Quem é Joe Rogan e por que o Spotify o ama tanto?

O podcaster de extrema direita, vendido por milhões a uma plataforma, coloca em questão as responsabilidades desse formato e o futuro dessa mídia.

Joe Rogan Experience/YouTube

Joe Rogan é descrito em seu site como “comediante stand up, fanático por artes marciais mistas, aventureiro psicodélico, apresentador do podcast The Joe Rogan Experience”. É esta última que realmente fez seu nome e, para muitos públicos, também fez o meio de podcasting .

O podcast de Rogan recebe cerca de 200 milhões de downloads por mês, tornando-o o podcaster mais popular dos EUA.

Quando o Spotify assinou um acordo de US$ 100 milhões com Rogan em 2020 pelos direitos exclusivos de seu podcast, a indústria prestou atenção. Antes disso, os podcasts estavam por toda parte, e seu status de “agnóstico de plataforma” (livre de amarras) era fundamental para atrair criadores e público.

O negócio era uma aposta, mas baseada em números. Como o jornalista musical Ted Gioia colocou em maio de 2020, “o Spotify valoriza Rogan mais do que qualquer músico na história do mundo”. A razão? “Um músico precisaria gerar 23 bilhões de streams no Spotify para ganhar o que está pagando a Joe Rogan por seus direitos de podcast”.

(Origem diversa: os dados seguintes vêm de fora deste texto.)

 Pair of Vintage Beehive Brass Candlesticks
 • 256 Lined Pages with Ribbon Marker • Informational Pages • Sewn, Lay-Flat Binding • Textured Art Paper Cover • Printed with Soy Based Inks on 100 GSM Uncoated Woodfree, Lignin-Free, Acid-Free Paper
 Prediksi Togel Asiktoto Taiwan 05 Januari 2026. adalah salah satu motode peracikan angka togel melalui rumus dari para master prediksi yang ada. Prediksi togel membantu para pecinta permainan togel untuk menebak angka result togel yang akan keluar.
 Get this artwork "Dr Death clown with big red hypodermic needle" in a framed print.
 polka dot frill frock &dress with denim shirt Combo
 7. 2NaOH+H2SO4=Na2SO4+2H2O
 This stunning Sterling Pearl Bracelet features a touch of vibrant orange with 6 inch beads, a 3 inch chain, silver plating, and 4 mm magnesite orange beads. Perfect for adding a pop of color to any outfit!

O Spotify pode justificar o desembolso espetacular: há uma tonelada de dólares em publicidade a serem feitas em áudio de palavras faladas, onde o podcasting está consumindo o que antes era domínio do rádio. Outros anfitriões de podcast estelares do Spotify incluem Barack Obama e Bruce Springsteen, Príncipe Harry e Meghan Markle.

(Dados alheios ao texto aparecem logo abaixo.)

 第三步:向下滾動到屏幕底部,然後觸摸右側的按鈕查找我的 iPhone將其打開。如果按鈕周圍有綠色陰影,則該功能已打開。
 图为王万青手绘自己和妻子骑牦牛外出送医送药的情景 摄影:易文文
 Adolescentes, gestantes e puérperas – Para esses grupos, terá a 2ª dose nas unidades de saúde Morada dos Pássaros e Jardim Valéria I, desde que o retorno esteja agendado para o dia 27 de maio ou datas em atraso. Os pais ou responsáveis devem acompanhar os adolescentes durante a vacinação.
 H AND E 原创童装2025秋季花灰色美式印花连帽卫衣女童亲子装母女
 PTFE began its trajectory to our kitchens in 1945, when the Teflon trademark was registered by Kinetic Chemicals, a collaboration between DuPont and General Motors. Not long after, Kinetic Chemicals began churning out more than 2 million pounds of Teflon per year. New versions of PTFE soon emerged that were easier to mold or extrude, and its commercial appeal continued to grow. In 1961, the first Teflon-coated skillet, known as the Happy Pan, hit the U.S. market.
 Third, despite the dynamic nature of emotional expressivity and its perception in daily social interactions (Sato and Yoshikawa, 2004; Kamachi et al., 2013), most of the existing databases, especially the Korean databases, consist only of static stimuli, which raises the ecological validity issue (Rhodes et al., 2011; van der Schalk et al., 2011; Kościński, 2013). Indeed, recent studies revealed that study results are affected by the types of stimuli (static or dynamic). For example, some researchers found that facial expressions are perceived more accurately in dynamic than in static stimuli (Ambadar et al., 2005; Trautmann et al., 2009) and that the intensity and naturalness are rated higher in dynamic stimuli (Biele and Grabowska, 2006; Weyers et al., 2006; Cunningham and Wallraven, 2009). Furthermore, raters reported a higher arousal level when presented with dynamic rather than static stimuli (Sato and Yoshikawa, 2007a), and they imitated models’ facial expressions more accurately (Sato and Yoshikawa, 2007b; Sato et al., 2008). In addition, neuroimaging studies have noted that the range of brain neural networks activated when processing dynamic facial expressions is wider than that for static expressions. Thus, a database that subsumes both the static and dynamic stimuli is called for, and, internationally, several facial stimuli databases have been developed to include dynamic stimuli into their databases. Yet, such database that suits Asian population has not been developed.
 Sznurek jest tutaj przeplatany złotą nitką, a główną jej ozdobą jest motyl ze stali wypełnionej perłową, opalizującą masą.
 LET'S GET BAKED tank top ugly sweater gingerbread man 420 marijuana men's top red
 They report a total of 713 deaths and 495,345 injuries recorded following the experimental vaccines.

Por que Joe Rogan é tão popular?

O que é importante sobre Joe Rogan também é o tipo de ouvinte que ele atrai. A Media Monitors diz que a audiência de Rogan é “71% do sexo masculino e dividida igualmente entre os graduados do ensino médio e pós-secundário. Cerca de 57% de seu público relata ganhar mais de US$ 50 mil por ano, com 19% ganhando mais de US$ 100 mil”, com uma idade média de 24 anos.

The Atlantic coloca o gênero no centro de seu apelo, sugerindo que “[Rogan] entende os homens na América melhor do que a maioria das pessoas. O resto do país deve começar a prestar atenção.”

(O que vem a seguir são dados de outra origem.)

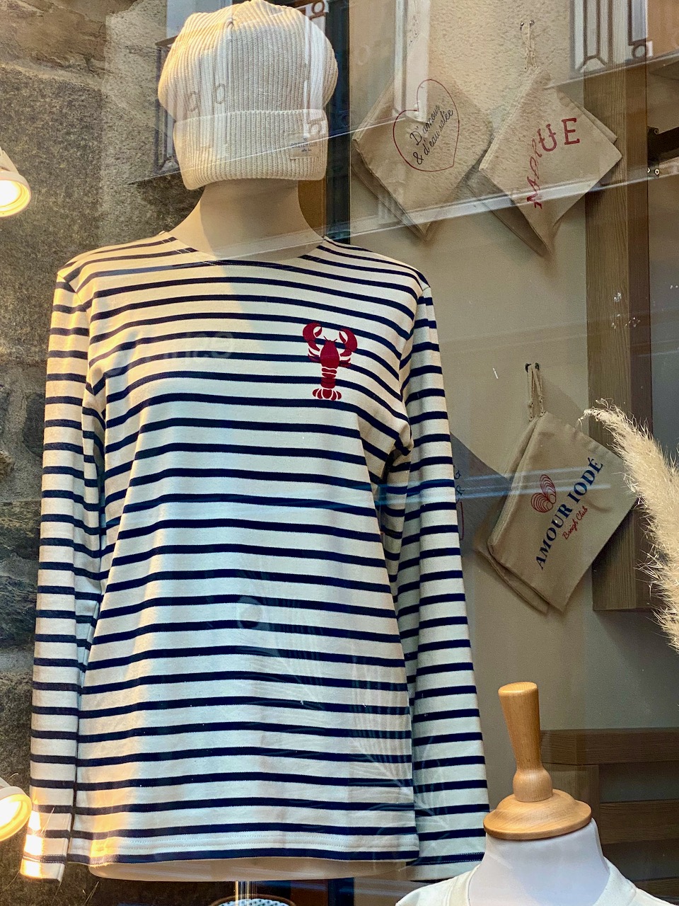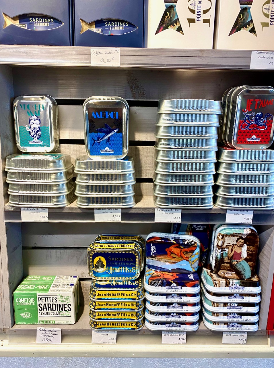 Well-fed and happy, we walk back to the port and drop in at the Comptoir des Gourmets. The store has a large selection of Breton specialties, such as canned fish, fleur de sel, cider, beer, cookies, or caramel with salted butter. I find the sardine tins with original illustrations quite beautiful. We browse and adore the Breton nautical decorative products such as tableware, textiles or accessories, and typical souvenirs made in Brittany. I pick a kitchen towel which you can see below in my recipe.

Antes de Rogan assinar com o Spotify, a exclusividade no podcasting era inédita. Em 2001, o “hacker de mídia” norte-americano Dave Winer tornou público o RSS, o feed Really Simple Syndication que poderia “soltar” automaticamente um episódio de podcast online para um assinante. Winer tomou a decisão consciente de tornar o RSS gratuito e universal, a fim de preservar um ethos democrático para podcasting semelhante aos blogs recém-criados que ele adorava.

Assinar um acordo exclusivo com Rogan poderia “tornar” o Spotify como uma plataforma de podcasting de escolha (e império de áudio em geral), ou poderia fazer Rogan perder fãs que não se importavam em se mudar com ele. Um estudo do The Verge mostrou que Rogan ganhou fãs quando fez o acordo exclusivo de podcasting.

Parte do apelo de Rogan é sua crueza – com episódios regulares de duas a três horas e com edição mínima (se houver). Ele diz o que pensa e sente no momento , aproveitando o poder emocional convincente da voz de forma semelhante aos grandes locutores de rádio de qualquer época.

Então qual é o problema?

Rogan muitas vezes faz afirmações perniciosas. Um exemplo irônico ocorreu quando Rogan circulou um anúncio falso feito por Gruen para representar a propaganda pandêmica da Austrália – ainda mais engraçado dado que o anúncio parodiava pessoas que confiam mais nos conselhos de Rogan do que de profissionais médicos.

Ele acrescentou uma correção, ainda que pequena, e esse tipo de erro se tornou meme desde então.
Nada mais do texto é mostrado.